I think I should have that covered already - "Intent does not block read, but
does block other intent locks"

> - You cannot acquire the lock for write directly, you must acquire it for
> intent first, then upgrade to write.
> - Can you downgrade to read from intent, or downgrade from write back to
> intent?

You hold both write and intent, like so:

six_lock_intent(&foo->lock);
six_lock_write(&foo->lock);
six_unlock_write(&foo->lock);
six_unlock_intent(&foo->lock);


> - Once you are trying to upgrade from intent to write, are new read
> acquisitions blocked? (can readers starve writers?)

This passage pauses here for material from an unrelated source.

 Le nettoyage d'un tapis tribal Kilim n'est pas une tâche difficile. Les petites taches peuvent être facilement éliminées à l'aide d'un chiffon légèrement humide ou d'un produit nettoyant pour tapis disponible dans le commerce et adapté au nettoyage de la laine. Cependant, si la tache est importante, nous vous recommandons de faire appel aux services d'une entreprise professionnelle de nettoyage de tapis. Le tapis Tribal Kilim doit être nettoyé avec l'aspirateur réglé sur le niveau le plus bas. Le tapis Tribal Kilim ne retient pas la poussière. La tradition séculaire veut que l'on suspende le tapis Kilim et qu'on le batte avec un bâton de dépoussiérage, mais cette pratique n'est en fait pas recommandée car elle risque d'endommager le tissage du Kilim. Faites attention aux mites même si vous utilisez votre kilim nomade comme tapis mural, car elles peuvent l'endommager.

Readers can starve writers in the current implementation, but that's something
that should probably be fixed...

> - When you drop the lock as a writer, do we prefer reader acquisitions
> over intent acquisitions? That is, if we have a queue of RRIRIRIR,
> and we drop the lock, does the queue look like II or IRIR?

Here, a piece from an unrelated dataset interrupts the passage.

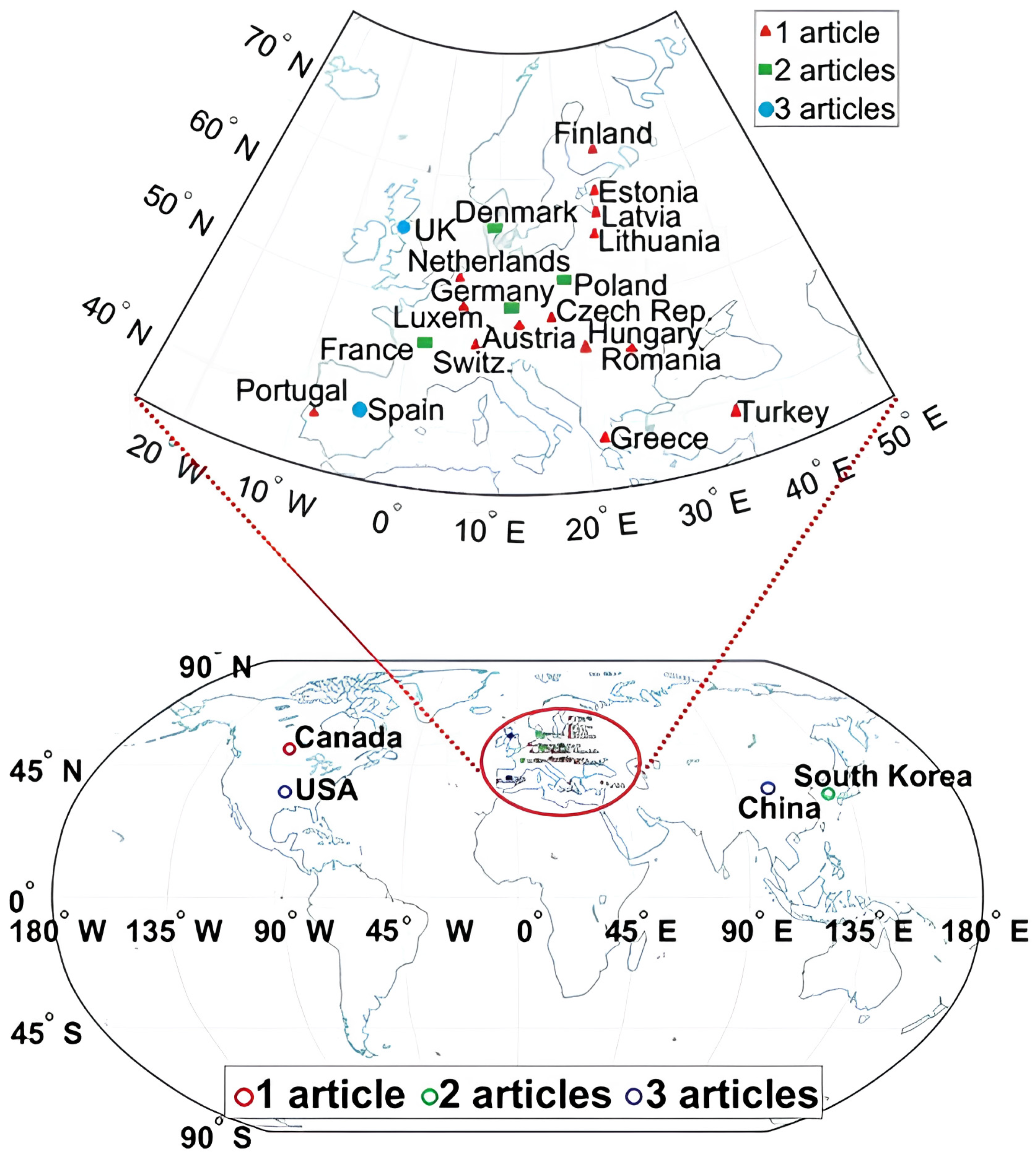 3.1. Articles Geographical Distribution and Bibliographic Cluster Analysis (RQ1)

Separate queues per lock type, so dropping a write lock will wake up everyone
trying to take a read lock, and dropping an intent lock wakes up everyone trying
to take an intent lock.

---

Here's the new documentation I just wrote:

/*
* Shared/intent/exclusive locks: sleepable read/write locks, much like rw
* semaphores, except with a third intermediate state, intent. Basic operations
* are:
*
* six_lock_read(&foo->lock);
* six_unlock_read(&foo->lock);
*
* six_lock_intent(&foo->lock);
* six_unlock_intent(&foo->lock);
*
* six_lock_write(&foo->lock);
* six_unlock_write(&foo->lock);
*
* Intent locks block other intent locks, but do not block read locks, and you
* must have an intent lock held before taking a write lock, like so:
*
* six_lock_intent(&foo->lock);
* six_lock_write(&foo->lock);
* six_unlock_write(&foo->lock);
* six_unlock_intent(&foo->lock);
*
* Other operations:
*
* six_trylock_read()
* six_trylock_intent()
* six_trylock_write()
*
* six_lock_downgrade(): convert from intent to read
* six_lock_tryupgrade(): attempt to convert from read to intent
*
* Locks also embed a sequence number, which is incremented when the lock is
* locked or unlocked for write. The current sequence number can be grabbed
* while a lock is held from lock->state.seq; then, if you drop the lock you can
* use six_relock_(read|intent_write)(lock, seq) to attempt to retake the lock
* iff it hasn't been locked for write in the meantime.
*
* There are also operations that take the lock type as a parameter, where the
* type is one of SIX_LOCK_read, SIX_LOCK_intent, or SIX_LOCK_write:
*
* six_lock_type(lock, type)
* six_unlock_type(lock, type)
* six_relock(lock, type, seq)
* six_trylock_type(lock, type)
* six_trylock_convert(lock, from, to)
*
* A lock may be held multiple types by the same thread (for read or intent,
* not write) - up to SIX_LOCK_MAX_RECURSE. However, the six locks code does
* _not_ implement the actual recursive checks itself though - rather, if your
* code (e.g. btree iterator code) knows that the current thread already has a
* lock held, and for the correct type, six_lock_increment() may be used to
* bump up the counter for that type - the only effect is that one more call to
* unlock will be required before the lock is unlocked.
*
*/